We started our Z-Base 580 auditions with Billy Joel's new "Live at Shea Stadium" DVD. Joel's vocals and piano were clear, but when he rocks out with his big band, the Z-Base 580 didn't rise to the occasion. The speaker's dual 6.5-inch subwoofers made a decent amount of bass, but we wished the Z-Base 580 sounded a bit fuller. Turning up the bass helped, but it still lacked weight and impact.
The Z-Base 580 features an updated version of Zvox's proprietary PhaseCue virtual-surround processing, now called PhaseCue II, which you can use in three strengths, 1, 2, or 3. We found "1" restricted the sound field to the width of the Z-Base 580; "2" spread the soundstage beyond the edge of the speaker; but "3" was too much of a good thing, and the sound was too hollow or diffused. Set to "2," the Z-Base 580 produced a spacious stereo soundstage, but the Zvox system does not try to simulate surround effects. Billy Joel's 57,000 fans' cheers and applause were confined to the front of the CNET listening room.
We next compared the Z-Base 580 with Harman Kardon's SB 16 sound-bar/subwoofer system ($600). The SB 16 has one of the biggest subs we've ever seen included with a sound-bar system, and it generated a lot more and higher-quality bass than the Z-Base 580 could muster on its own. We also thought that the SB 16's sound bar produced clearer and more natural sound; the Z-Base 580 sounded more "closed-in" and boxy than the SB 16. Joel's fans' cheers were still in the front of the room, but their cheers sounded more natural. The brutal fight scenes in the "Sin City" DVD packed substantially more wallop over the SB 16.
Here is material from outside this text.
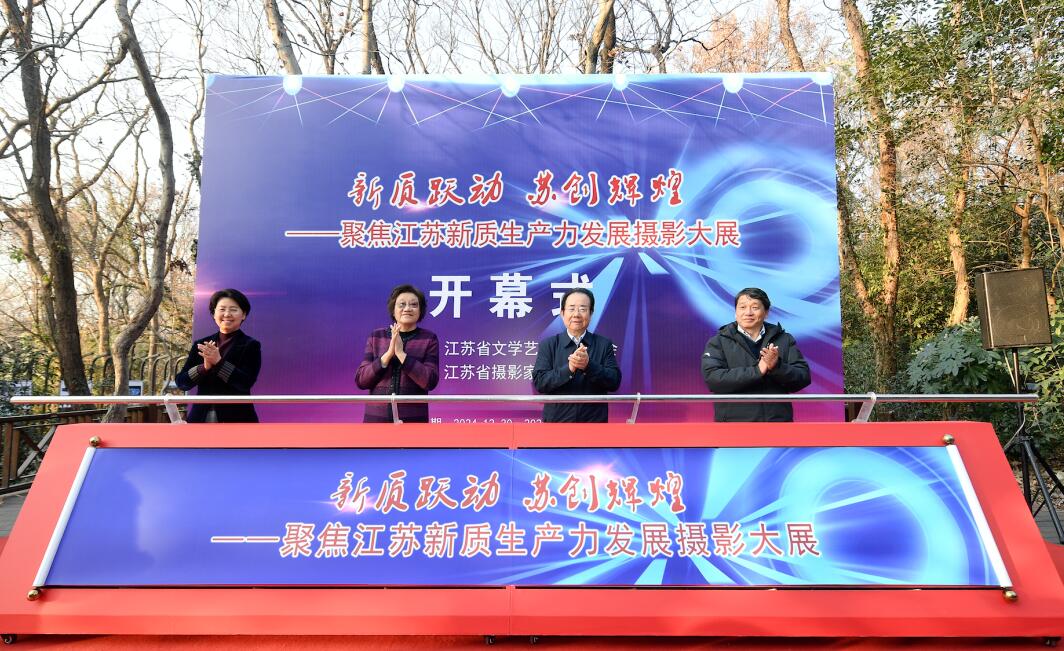 12月30日,南京市中山陵风景区森林画廊人头攒动、热闹非凡,由江苏省文学艺术界联合会主办、江苏省摄影家协会承办的“新质跃动 苏创辉煌”——聚焦江苏新质生产力发展摄影大展在此拉开帷幕。

We used the naval battle scenes from the "Master and Commander" Blu-ray to check the Z-Base 580's Output Leveling (dynamic range compression) feature. Turning it on during a quiet scene immediately boosted the overall volume, but the volume stayed at a consistent level, whether the sailors were talking, or cannon balls were smashing through the sides of wooden ships. So when you turn down the volume for late-night listening, the clarity of the quieter scenes doesn't suffer, and you won't have to turn down the volume for the big explosions or special effects. We didn't detect any muffling or sound-degrading problems caused by the Output Leveling feature. The Dialogue Emphasis feature was fairly subtle in its effect, but it also worked well. Between the Dialogue Emphasis and PhaseCueII adjustments, it's easy to dial in the right amount of dialogue clarity on the 580.
CD sound was acceptable, but we really noticed the Z-Base 580's limitations compared with stereo speakers when listening to CDs. The speaker can play fairly loud without distress, but we much preferred listening to the Z-Base 580 at moderate or low volume. And some tracks sounded downright bad; a few songs off Radiohead's "Amnesiac" caused the 580's woofers to buzz in a way you really don't expect to hear on a $600 sound system.
Considering the Z-Base 580's price, size, and new features, we expected more in the way of sound quality. It's certainly no competition for the Harman Kardon SB 16 in terms of performance.
The Zvox Z-Base 580 has a nearly perfect sound-bar design and a solid feature set, but it won't please critical listeners and the smaller Z-Base 555 is a better value.